Time after time after time I have applied “hope” to my expectation of presidential, senate or house leadership. It’s incredible the number of times that my heart has been broken since this Democratic majority has come into power. (I wear my heart on my sleeve, by the way. Due to the number of breaks, it is no longer identifiable as such. Looks more like particulate matter, the result of an especially productive sneeze which I forgot to wipe off)

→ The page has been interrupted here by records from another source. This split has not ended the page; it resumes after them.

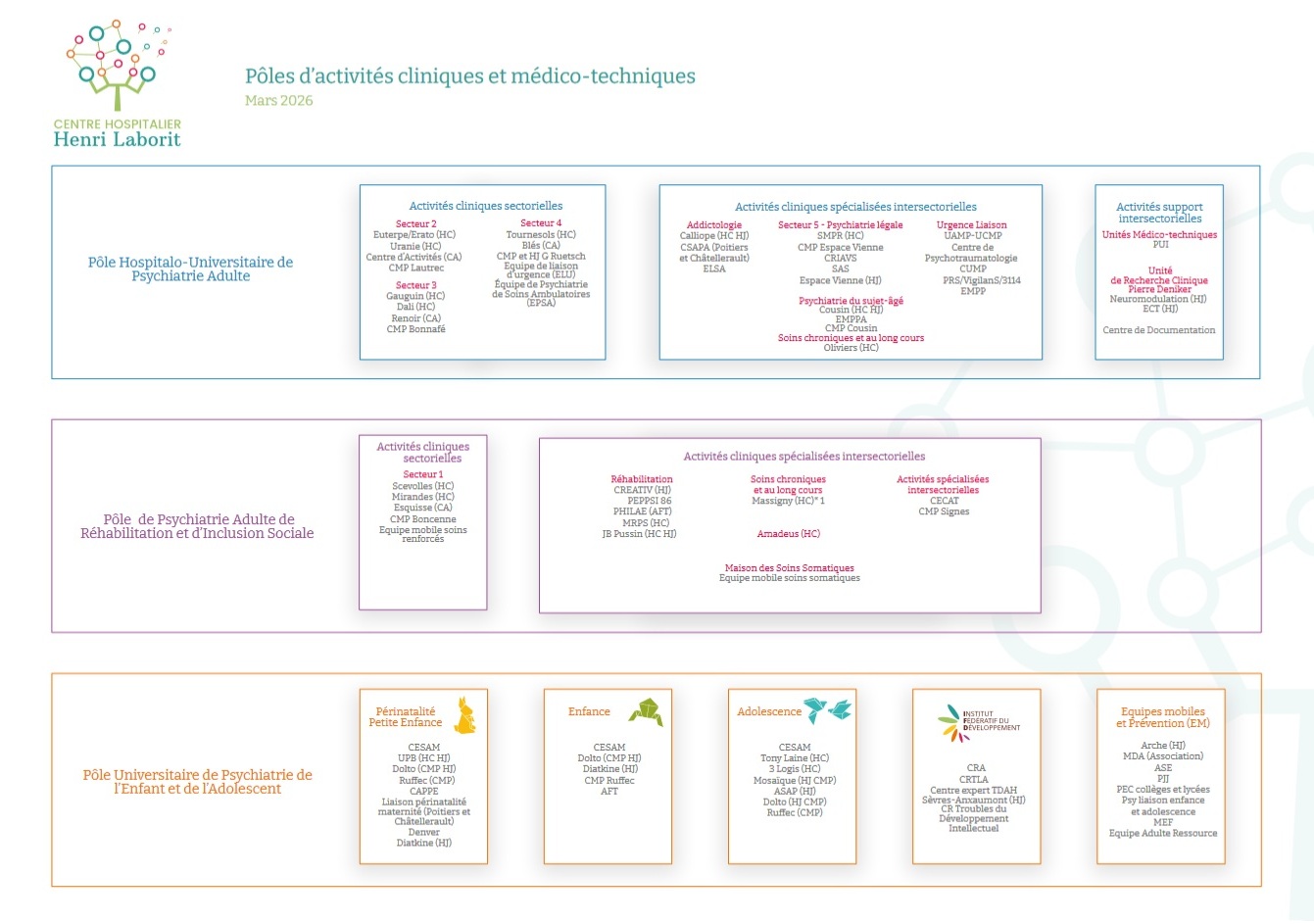 • 288 lits d’hospitalisation à temps complet pour les adultes et 26 pour les adolescents
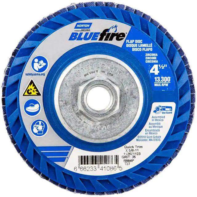 This is manufactured by Norton. The manufacturer part number is 66623341086. Its diameter is 4.50" (114.30mm). It is shipped in bulk. It has a classic blue colour. While its abrasive grit is p36. Abrasive Grade Info: extra coarse. The product is widely employed in general purpose. It is manufactured from rugged zirconia alumina abrasive materials. The product is designated with the ear99 code number
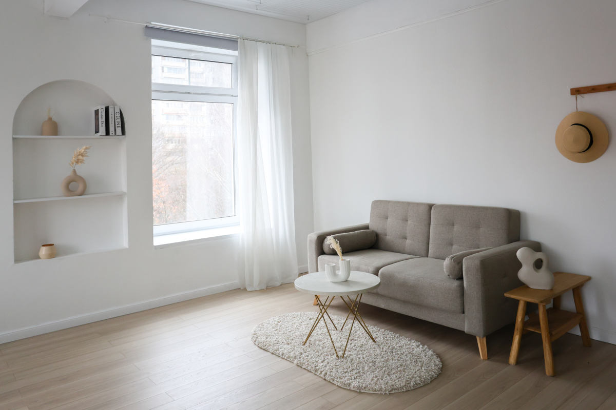 Зал в серых тонах в стиле неоклассики, минимализма и лофта.
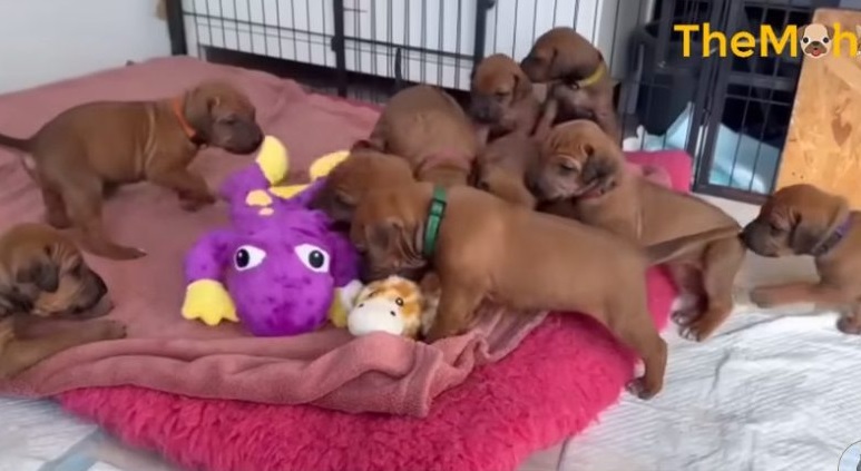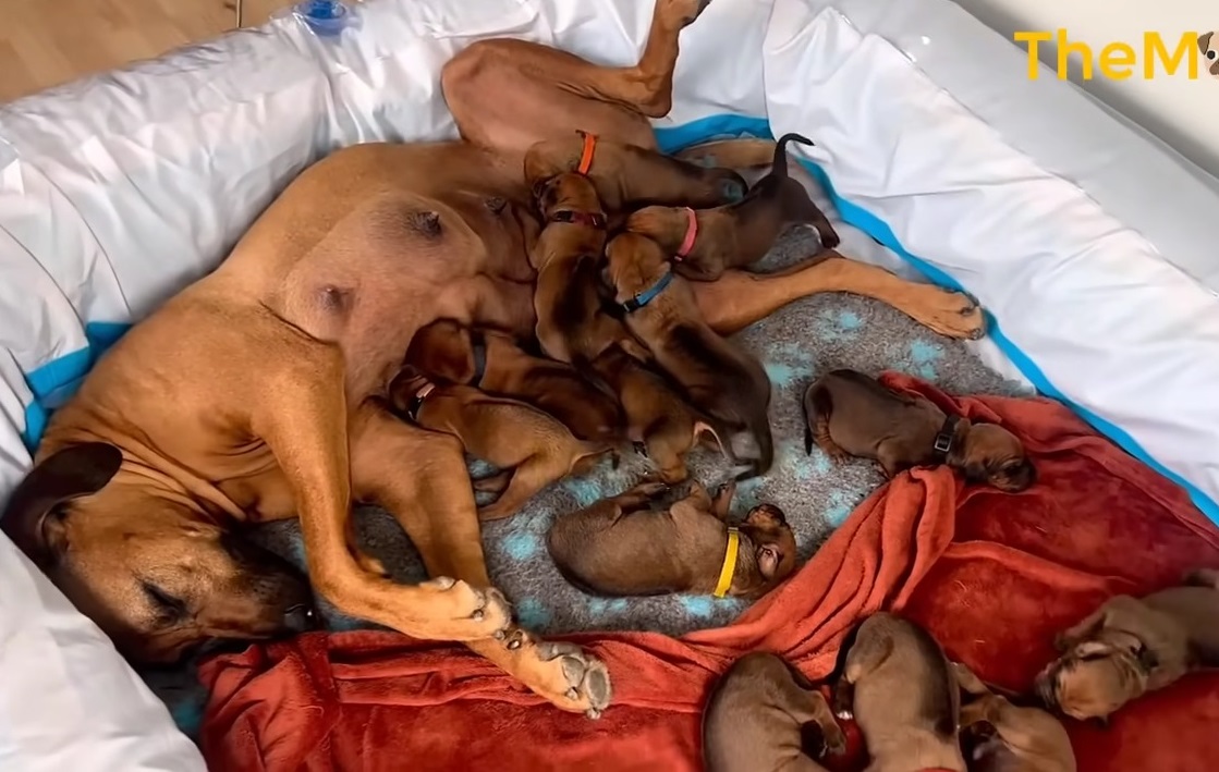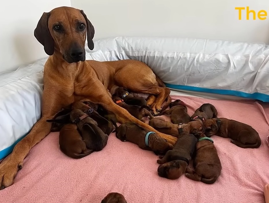 After spending six days in a veterinary clinic, Tiya entered the opening phase of labor. The rescuers, knowing the time was near, prepared for the joyous moment when they would meet Tiya’s puppies. And finally, the day arrived—Tiya gave birth to 15 strong and healthy puppies in less than 14 hours. There were eight females and seven males, with a mix of crown patterns among them.
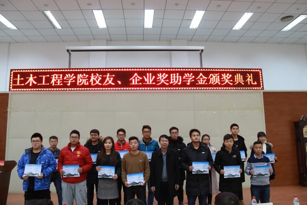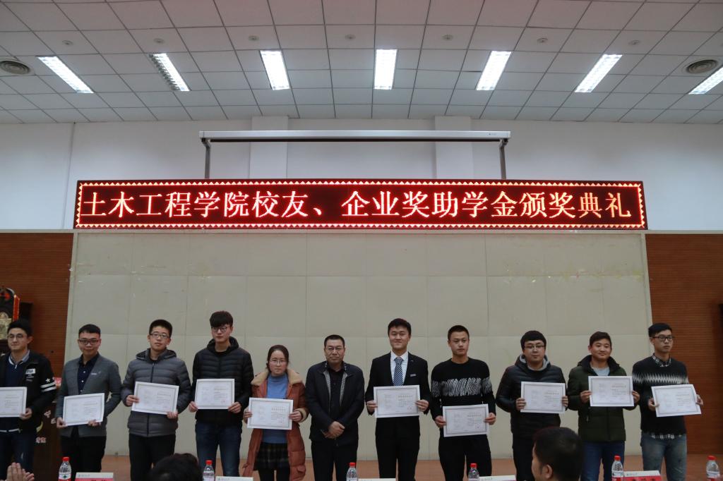 “苏交科奖学金”每次评选研究生、本科生各2名、研究生每人奖励6000元,本科生每人奖励4000元;“甘肃路桥奖学金”每次评选30名,每人奖励1500元;“工78校友轨枕奖学金”每次评选10名,每人奖励3000元;“工79校友助学金”每次评选10名学生,每人3000元;“工88校友助学金”每次评选4名,每人资助1000元;“建97校友助学金”每次评选4名,每人资助1000元;“建93校友助学金”每次评选2名,每人资助1000元;“工93校友助学金”每次评选6名,每人资助1000元;“造专92校友助学金”每次评选3名,每人资助2000元,共计发放奖助学金14.7万元。
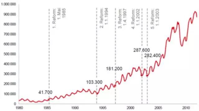 德國自2000年也出現了大量的“租借工”,即借由獨立人力公司雇傭而非與用工企業締結合同的“臨時工”,企業借此免去許多解雇和稅務方面的成本和法律問題,這種勞動者被任意支配的用工方式一度上升成為社會議題受到猛烈抨擊。然而其背后正是德國用工成本與產品利潤在“世界變平”過程中產生的客觀沖突,大企業可以通過人力資源外包轉嫁這種成本,而中小企業在這方面往往缺少選項,德國的高福利政策傳統在制造業成本人力成本飆升面前騎虎難下。

So, the Democratic Party has become unrecognizable to us. Where do we go from here? Hedges suggests a different party altogether-
“Here in the United States, at the beginning of the twentieth century, before there was a Soviet Union to spoil it, you see, socialism had a good name,” the late historian and activist Howard Zinn said in a lecture a year ago at Binghamton University. “Millions of people in the United States read socialist newspapers. They elected socialist members of Congress and socialist members of state legislatures. You know, there were like fourteen socialist chapters in Oklahoma. Really. I mean, you know, socialism—who stood for socialism? Eugene Debs, Helen Keller, Emma Goldman, Clarence Darrow, Jack London, Upton Sinclair. Yeah, socialism had a good name. It needs to be restored.”
[snip]
The hypocrisy and ineptitude of the Democrats become, in the eyes of
the wider public, the hypocrisy and ineptitude of the liberal class. We
can continue to tie our own hands and bind our own feet or we can break
free, endure the inevitable opprobrium, and fight back. This means
refusing to support the Democrats. It means undertaking the laborious
work of building a viable socialist movement. It is the only
alternative left to save our embattled open society. We can begin by
sending a message to the Green Party, McKinney and Nader. Let them know
they are no longer alone.
How about that Green Party?
The 10 Key Values of the Green Party
* Grassroots Democracy
* Social and Economic Justice
* Ecological Wisdom
* Nonviolence
* Decentralization
* Community-Based Economics
* Feminism
* Respect for Diversity
* Personal and Global Responsibility
* Future Focus and Sustainability
That’s sounding more like it. You coming, Howard?